Geothermal electricity power plants use hydrothermal resources to generate electricity. Hydrothermal resources include hydro (water) and thermal (heat). Geothermal electricity plants use extremely high temperature (300°F to 700°F) hydrothermal resources procured from hot water wells or dry steam wells. These hydrothermal resources are collected by drilling wells into the earth and streamed through piping. The steam or hot water powers a turbine that generates electricity.

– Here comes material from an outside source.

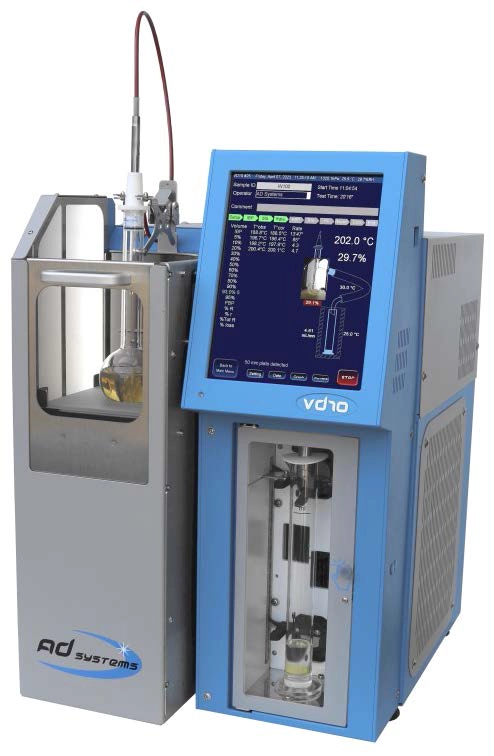 Discover the VD10 automatic video distillation analyser for ASTM D86 fuel testing with real-time boiling

Geothermal electricity wells can be up to two miles deep.
The United States is the leader in geothermal electricity generation. Predominantly from the Western part of the country is enough geothermal electricity generated to power nearly 3.5 million homes.

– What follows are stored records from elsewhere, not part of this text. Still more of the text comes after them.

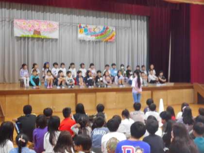 1年生を迎える会は、児童会が企画し、進行してくれました。堂々と前に立って言葉を言う姿が頼もしかったです。
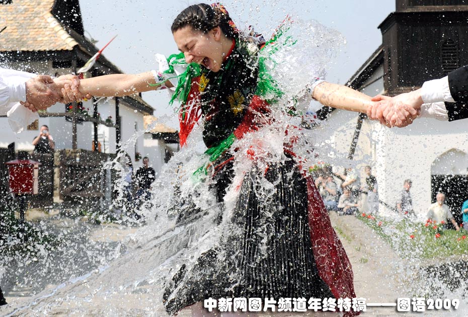 匈牙利迎接復(fù)活節(jié)“水潑美女”——4月9日,在布達(dá)佩斯東北部的一個小鎮(zhèn),當(dāng)?shù)鼐用裱菥毩藗鹘y(tǒng)舞蹈和潑水活動,身著傳統(tǒng)服裝的男孩向女孩們身上盡情潑水。
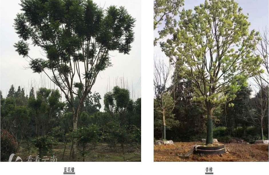 值得注意的是,西山区绿荫大道新建工程项目施工图设计还显示,项目行道树将选用香樟(胸径15至16cm),间隔8米种植;侧分带乔木将选用蓝花楹(胸径15至16cm),间隔8米种植在绿化带中间位置。也就是说,该项目临近机动车道的绿化带将以种植蓝花楹为主。

Geothermal Electricity Power Plants
There are three types of geothermal power plant technologies used to convert hydrothermal fluids into electricity – binary cycle, dry steam, and flash steam. Here is a video overview of geothermal energy from the U.S. Department of Energy.
Curious about #geothermal power? Check out three different technologies that produce it!Posted by U.S. Department of Energy Office of Energy Efficiency and Renewable Energy on Sunday, November 26, 2017
Binary Cycle Power Plant
Binary cycle geothermal electricity plants are different than dry steam and flash steam systems because the geothermal reservoir never encounters the turbine units. The binary cycle uses two types of fluid, hence its name. Hot fluid from underground heats a second fluid called, a heat-transfer fluid in a large heat exchanger. The second fluid has a much lower boiling point than the first fluid, and so it flashes into vapor at a lower temperature. When the second fluid flashes, it spins a turbine which drives a generator and creates electricity.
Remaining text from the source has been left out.